— Work instruction —
Your task is to print, exactly and only, the lines from the start of the entries below through the line with "為把黨史學(xué)習(xí". Include both ends, but skip the pictures.

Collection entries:
···

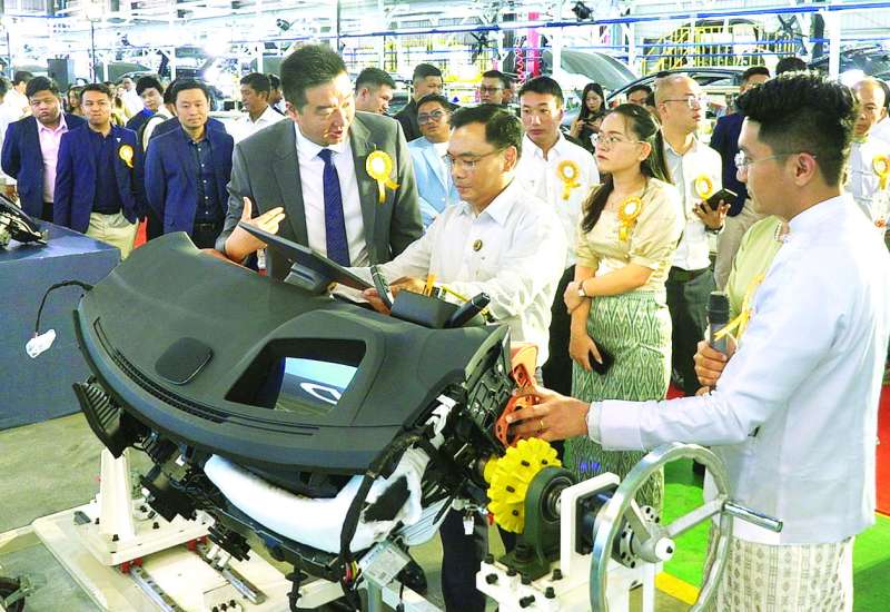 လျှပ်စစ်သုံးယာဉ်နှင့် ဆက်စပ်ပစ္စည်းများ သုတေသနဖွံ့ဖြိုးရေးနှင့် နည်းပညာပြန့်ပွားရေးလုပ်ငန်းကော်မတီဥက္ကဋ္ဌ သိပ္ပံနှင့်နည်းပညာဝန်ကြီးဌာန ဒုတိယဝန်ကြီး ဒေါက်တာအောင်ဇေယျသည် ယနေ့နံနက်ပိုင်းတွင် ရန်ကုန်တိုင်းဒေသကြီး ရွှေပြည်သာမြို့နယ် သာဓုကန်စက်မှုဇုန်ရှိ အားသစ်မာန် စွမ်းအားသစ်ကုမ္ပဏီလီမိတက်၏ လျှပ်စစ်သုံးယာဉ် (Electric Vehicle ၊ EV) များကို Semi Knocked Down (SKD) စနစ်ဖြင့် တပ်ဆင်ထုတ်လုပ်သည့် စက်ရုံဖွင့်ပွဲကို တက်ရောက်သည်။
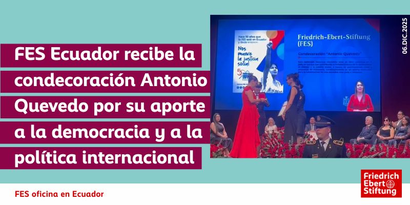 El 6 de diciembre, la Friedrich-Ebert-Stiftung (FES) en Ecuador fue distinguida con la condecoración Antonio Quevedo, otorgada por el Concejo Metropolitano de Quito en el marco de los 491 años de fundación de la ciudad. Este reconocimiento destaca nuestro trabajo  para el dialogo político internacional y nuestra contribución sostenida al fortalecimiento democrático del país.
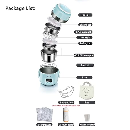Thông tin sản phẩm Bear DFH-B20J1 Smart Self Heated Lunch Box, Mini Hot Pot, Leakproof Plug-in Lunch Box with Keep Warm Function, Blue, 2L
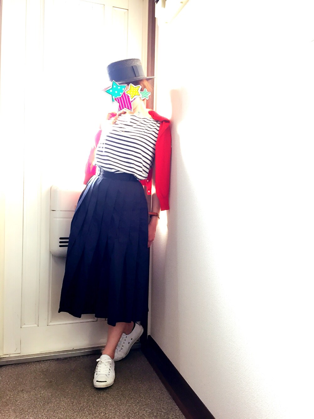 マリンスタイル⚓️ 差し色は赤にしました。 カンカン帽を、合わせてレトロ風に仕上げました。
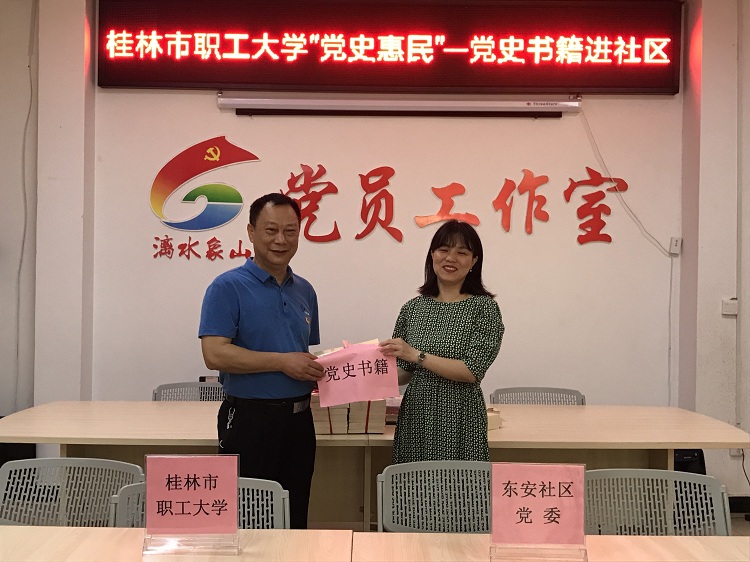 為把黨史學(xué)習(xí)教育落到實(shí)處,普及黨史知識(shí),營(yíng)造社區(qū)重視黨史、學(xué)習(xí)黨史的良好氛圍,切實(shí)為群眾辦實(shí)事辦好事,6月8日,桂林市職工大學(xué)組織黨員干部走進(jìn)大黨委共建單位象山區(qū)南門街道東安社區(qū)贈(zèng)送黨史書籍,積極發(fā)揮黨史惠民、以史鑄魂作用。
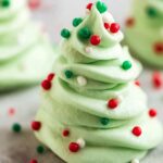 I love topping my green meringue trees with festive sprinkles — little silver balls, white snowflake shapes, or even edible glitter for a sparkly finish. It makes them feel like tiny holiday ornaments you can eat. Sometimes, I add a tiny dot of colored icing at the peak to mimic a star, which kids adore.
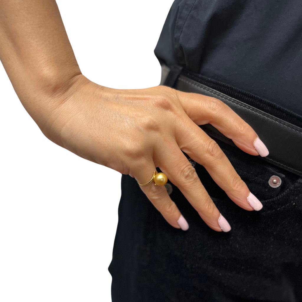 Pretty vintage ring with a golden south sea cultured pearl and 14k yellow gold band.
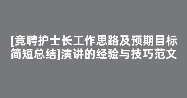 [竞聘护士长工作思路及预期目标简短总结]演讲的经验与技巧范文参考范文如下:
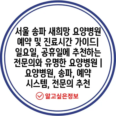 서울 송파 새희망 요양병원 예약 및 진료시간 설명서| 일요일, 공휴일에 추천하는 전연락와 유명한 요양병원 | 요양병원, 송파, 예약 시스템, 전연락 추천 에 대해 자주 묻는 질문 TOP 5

···

— Output for this exercise —
 လျှပ်စစ်သုံးယာဉ်နှင့် ဆက်စပ်ပစ္စည်းများ သုတေသနဖွံ့ဖြိုးရေးနှင့် နည်းပညာပြန့်ပွားရေးလုပ်ငန်းကော်မတီဥက္ကဋ္ဌ သိပ္ပံနှင့်နည်းပညာဝန်ကြီးဌာန ဒုတိယဝန်ကြီး ဒေါက်တာအောင်ဇေယျသည် ယနေ့နံနက်ပိုင်းတွင် ရန်ကုန်တိုင်းဒေသကြီး ရွှေပြည်သာမြို့နယ် သာဓုကန်စက်မှုဇုန်ရှိ အားသစ်မာန် စွမ်းအားသစ်ကုမ္ပဏီလီမိတက်၏ လျှပ်စစ်သုံးယာဉ် (Electric Vehicle ၊ EV) များကို Semi Knocked Down (SKD) စနစ်ဖြင့် တပ်ဆင်ထုတ်လုပ်သည့် စက်ရုံဖွင့်ပွဲကို တက်ရောက်သည်။
 El 6 de diciembre, la Friedrich-Ebert-Stiftung (FES) en Ecuador fue distinguida con la condecoración Antonio Quevedo, otorgada por el Concejo Metropolitano de Quito en el marco de los 491 años de fundación de la ciudad. Este reconocimiento destaca nuestro trabajo  para el dialogo político internacional y nuestra contribución sostenida al fortalecimiento democrático del país.
Thông tin sản phẩm Bear DFH-B20J1 Smart Self Heated Lunch Box, Mini Hot Pot, Leakproof Plug-in Lunch Box with Keep Warm Function, Blue, 2L
 マリンスタイル⚓️ 差し色は赤にしました。 カンカン帽を、合わせてレトロ風に仕上げました。
 為把黨史學(xué)習(xí)教育落到實(shí)處,普及黨史知識(shí),營(yíng)造社區(qū)重視黨史、學(xué)習(xí)黨史的良好氛圍,切實(shí)為群眾辦實(shí)事辦好事,6月8日,桂林市職工大學(xué)組織黨員干部走進(jìn)大黨委共建單位象山區(qū)南門街道東安社區(qū)贈(zèng)送黨史書籍,積極發(fā)揮黨史惠民、以史鑄魂作用。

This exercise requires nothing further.